Private non-manufacturing employment is expected to grow by 72,000 jobs during 2004 and another 76,000 jobs during 2005, after losing about 3,000 jobs this year, the forecast shows. The service industry, accounting for 38 percent of the jobs in Michigan, will contribute most of the job gains—nearly 90,000 over the next two years.

The public sector, faced with severely constrained resources and another round of budget cuts by year’s end, will lose nearly 15,000 jobs this year. Another 6,000 government jobs will be jettisoned during 2004 before this sector gains back 4,000 jobs the year after, the economists say.

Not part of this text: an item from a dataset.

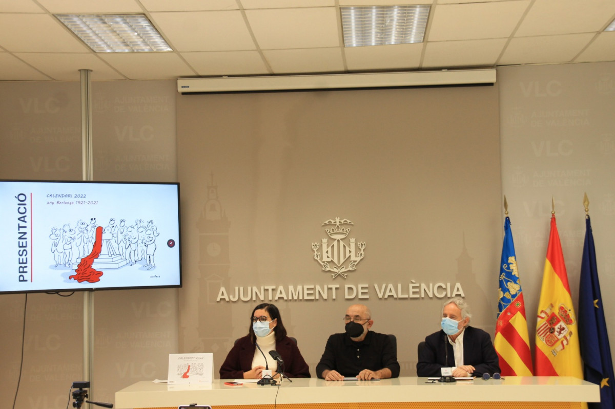 En el marco de la celebración del Año Berlanga, el Ayuntamiento ha elaborado un calendario de homenaje a la figura internacional del cineasta valenciano Luis García Berlanga, con dibujos del reconocido humorista gráfico, también valenciano, Antonio Ortiz Fuster, Ortifus. La vicealcaldesa y concejala de Desarrollo Urbano, Sandra Gómez, y el concejal de Turismo, Emiliano García, acompañados por el ilustrador, han presentado la iniciativa y la tirada inicial de 15.000 ejemplares, que se repartirán gratuitamente en centros de turismo, centros de juventud, asociaciones de personas mayores, entidades cívicas y asociaciones ciudadanas.

Overall, the U-M forecast predicts that unemployment in Michigan will move downward from 7.4 percent at the end of this year to 6.5 percent at the close of next year and then fall further to 5.7 percent 12 months later—which is still a full percentage point above the national average projected for the end of 2005.

In addition to predicting a turnaround in the state’s job growth over the next two years, the forecast indicates that local consumer price inflation will remain moderate at 1.7 percent next year and 2.3 percent in 2005.

Personal income growth is expected to jump from 2.6 percent in 2003 to 4.9 percent in 2004 and to 6.5 percent in 2005, while growth in real disposable income, or purchasing power, will rise from 1.7 percent this year to 4.4 percent next year and then slow to a still-healthy 3.2 percent the following year.

“Recently, Michigan’s economy has been characterized as struggling to shift out of reverse,” Fulton said. “Our view is that private non-manufacturing has already shifted into forward gear and so will manufacturing by early next year.

“The question is, will our economic engine continue to stall out periodically or will we finally be able to reach cruising speed? Our forecast is that we are indeed poised to shift into a regime of sustained job growth over the next two years.”